Antonio Costa's left-wing government can claim to have successfully implemented an ambitious economic policy. So why is the Portuguese model so little praised in the EU and so little reported in the press? Probably because it demonstrates that recovery policies. A concept that has become almost taboo in Europe, can indeed bear fruit. They are based on a simple idea. Stimulate consumption by improving salaries and thus fill the order books of companies. With positive effects for investment and productivity.

While many European governments are committed to the liberal and austerity dogma demand sacrifices from their citizens with the promised results still eluding us, it is easy to understand the lack of enthusiasm for the policy choices of Antonio Costa's government on the part of the right-wing opposition, which supports the European austerity policy. The Portuguese Prime Minister has not hesitated to attack head-on the line once taken by the right. In line with EU expectations: "The austerity policy followed in recent years has resulted in an unprecedented increase in unemployment with devastating social effects on young people and the least qualified citizens. As well as the families and thousands of unemployed Portuguese: it has also been associated with a devaluation of the dignity of work and workers' rights."

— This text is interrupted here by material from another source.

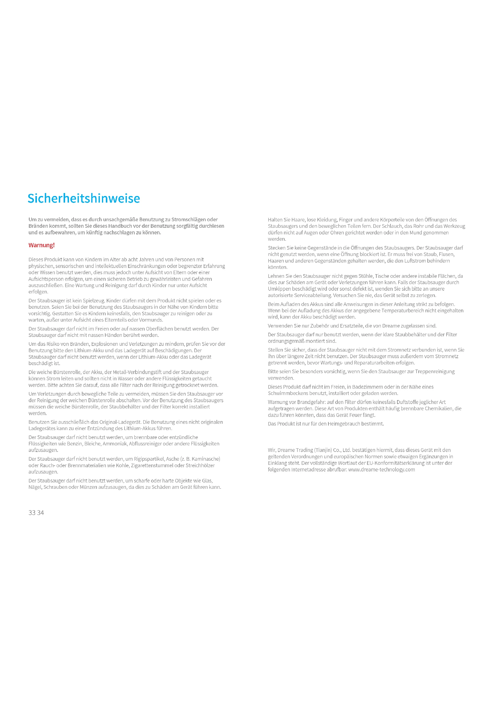 réinstallez-la en suivant la procédure de démontage dans l’ordre inverse. Entretien et maintenance31 32 Ce produit contient des batteries uniquement remplaçables par des techniciens qualifiés ou le service après-vente. Ce produit contient des batteries non remplaçables. FAQ En cas de dysfonctionnement de l’aspirateur, consultez le tableau ci-dessous. Erreurs Causes possibles Solutions L’aspirateur ne fonctionne pas. La batterie de l’aspirateur est déchargée ou faiblement chargée. Rechargez complètement l’aspirateur avant de commencer à le réutiliser. Déclenchement du mode Protection suite à une obstruction. Attendez que l’aspirateur refroidisse, puis réactivez-le. L’orifice d’aspiration ou le passage d’air est obstrué. Retirez les débris susceptibles de bloquer l’ orifice d’aspiration ou le passage de l’air. Réduction de la puissance d’aspiration. Le compartiment à poussière est rempli et/ou l’ensemble filtre HEPA est obstrué. Videz le compartiment à poussière et nettoyez l’ensemble filtre HEPA. L’accessoire est obstrué. Retirez les débris susceptibles d’obstruer l’accessoire. Le moteur fait un bruit anormal. L’orifice d’aspiration principal ou la tige de rallonge est obstruée. Retirez les débris susceptibles de bloquer l’orifice d’aspiration principal ou la tige de rallonge. La recharge s’effectue lentement. La température de la batterie est trop faible ou trop élevée. Attendez que la température de la batterie redevienne normale, puis recommencez à l’utiliser. Le premier voyant est rouge après la mise sous tension de l’ aspirateur. La batterie est déchargée. Contactez le service après-vente pour maintenance. Le premier voyant clignote en rouge après la mise sous tension de l’aspirateur. L’adaptateur secteur est incompatible. Utilisez uniquement l’adaptateur secteur d’origine pour recharger l ’a s p i r a t e u r . Le voyant de la batterie ne s’allume pas lors de la recharge. L’adaptateur secteur n’est pas connecté à l’aspirateur. Assurez-vous que l’adaptateur secteur est correctement branché. La batterie est complètement chargée et est passée en mode veille. Elle peut être utilisée normalement. Si le problème persiste après avoir éliminé les deux possibilités ci-dessus. Contactez le service après-vente pour maintenance. Tous les produits portant ce symbole deviennent des déchets d’équipements électriques et électroniques (DEEE dans la Directive européenne 2012/19/UE) qui ne doivent pas être mélangés aux déchets ménagers non triés. Vous devez contribuer à la protection de l’environnement et de la santé humaine en apportant l’équipement usagé à un point de collecte dédié au recyclage des équipements électriques et électroniques, agréé par le gouvernement ou les autorités locales. Le recyclage et la destruction appropriés permettront d’éviter tout impact potentiellement négatif sur l’environnement et la santé humaine. Contactez l’installateur ou les autorités locales pour obtenir plus d’informations concernant l’emplacement ainsi que les conditions d’utilisation de ce type de point de collecte. Informations DEEE33 34 Um zu vermeiden, dass es durch unsachgemäße Benutzung zu Stromschlägen oder Bränden kommt, sollten Sie dieses Handbuch vor der Benutzung sorgfältig durchlesen und es aufbewahren, um künftig nachschlagen zu können. Warnung! Dieses Produkt kann von Kindern im Alter ab acht Jahren und von Personen mit physischen, sensorischen und intellektuellen Einschränkungen oder begrenzter Erfahrung oder Wissen benutzt werden, dies muss jedoch unter Aufsicht von Eltern oder einer Aufsichtsperson erfolgen, um einen sicheren Betrieb zu gewährleisten und Gefahren auszuschließen. Eine Wartung und Reinigung darf durch Kinder nur unter Aufsicht erfolgen. Der Staubsauger ist kein Spielzeug. Kinder dürfen mit dem Produkt nicht spielen oder es benutzen. Seien Sie bei der Benutzung des Staubsaugers in der Nähe von Kindern bitte vorsichtig. Gestatten Sie es Kindern keinesfalls, den Staubsauger zu reinigen oder zu warten, außer unter Aufsicht eines Elternteils oder Vormunds. Der Staubsauger darf nicht im Freien oder auf nassen Oberflächen benutzt werden. Der Staubsauger darf nicht mit nassen Händen berührt werden. Um das Risiko von Bränden, Explosionen und Verletzungen zu mindern, prüfen Sie vor der Benutzung bitte den Lithium-Akku und das Ladegerät auf Beschädigungen. Der Staubsauger darf nicht benutzt werden, wenn der Lithium-Akku oder das Ladegerät beschädigt ist. Die weiche Bürstenrolle, der Akku, der Metall-Verbindungstift und der Staubsauger können Strom leiten und sollten nicht in Wasser oder andere Flüssigkeiten getaucht werden. Bitte achten Sie darauf, dass alle Filter nach der Reinigung getrocknet werden. Um Verletzungen durch bewegliche Teile zu vermeiden, müssen Sie den Staubsauger vor der Reinigung der weichen Bürstenrolle abschalten. Vor der Benutzung des Staubsaugers müssen die weiche Bürstenrolle, der Staubbehälter und der Filter korrekt installiert werden. Benutzen Sie ausschließlich das Original-Ladegerät. Die Benutzung eines nicht originalen Ladegerätes kann zu einer Entzündung des Lithium-Akkus führen. Der Staubsauger darf nicht benutzt werden, um brennbare oder entzündliche Flüssigkeiten wie Benzin, Bleiche, Ammoniak, Abflussreiniger oder andere Flüssigkeiten aufzusaugen. Der Staubsauger darf nicht benutzt werden, um Rigipspartikel, Asche (z. B. Kaminasche) oder Rauch- oder Brennmaterialien wie Kohle, Zigarettenstummel oder Streichhölzer aufzusaugen. Der Staubsauger darf nicht benutzt werden, um scharfe oder harte Objekte wie Glas, Nägel, Schrauben oder Münzen aufzusaugen, da dies zu Schäden am Gerät führen kann. Halten Sie Haare, lose Kleidung, Finger und andere Körperteile von den Öffnungen des Staubsaugers und den beweglichen Teilen fern. Der Schlauch, das Rohr und das
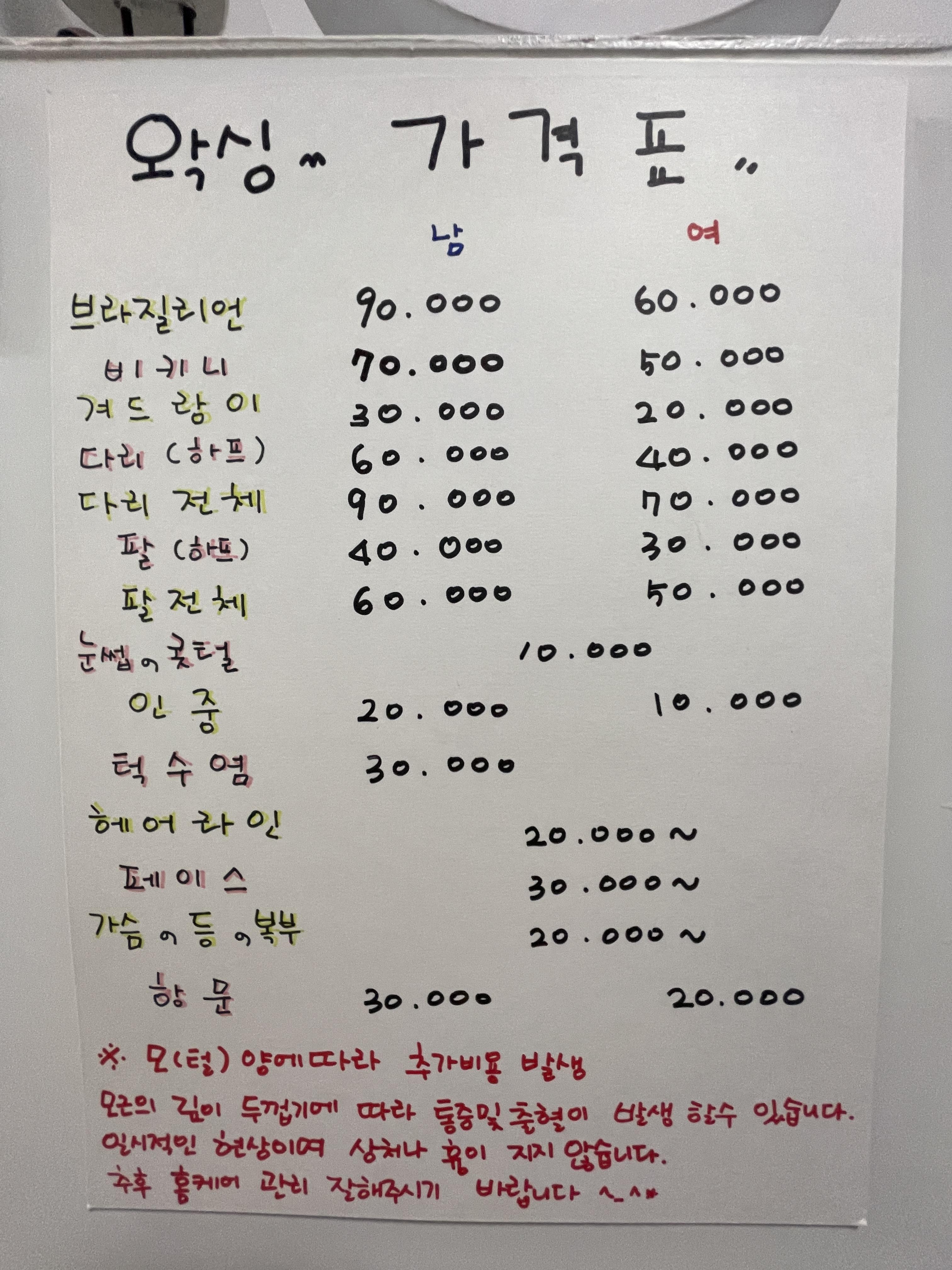 부위별 왁싱 가격표는 다음과 같은데 마통 어플로 예약하면 할인가능하고, 원장님께 직접 연락해서 문의하신 뒤 예약하는 것이 가장 좋을 것 같습니다.

The austerity policy has resulted in an unprecedented increase in unemployment with devastating social effects

This unorthodox policy irritates the Brussels authorities even more. The Commission also considers that Portugal's 2018 budget does not meet the European requirements for reducing public spending. Set at 0.6%, since it would only allow a reduction of... 0.4%. The EU does not seem to like the fact that Portugal has disproved the Brussels mantra that only a reduction in public spending can reduce the budget deficit. By demonstrating that a demand-side policy is capable of triggering a virtuous circle leading to an increase in government revenues, Lisbon is challenging the very foundations of an economic dogma that the EU is determined to believe is set in stone, unless it is its own DNA.

A very European paradox. The two most zealous defenders of the Brussels economic doctrine, Berlin and Paris, are far from the best positioned to lead the way. With growth slowing, consumption down, and investment down in the first quarter of 2018. France and Germany may be less sure of themselves. And yet, the German model still enjoys exceptional publicity throughout Europe.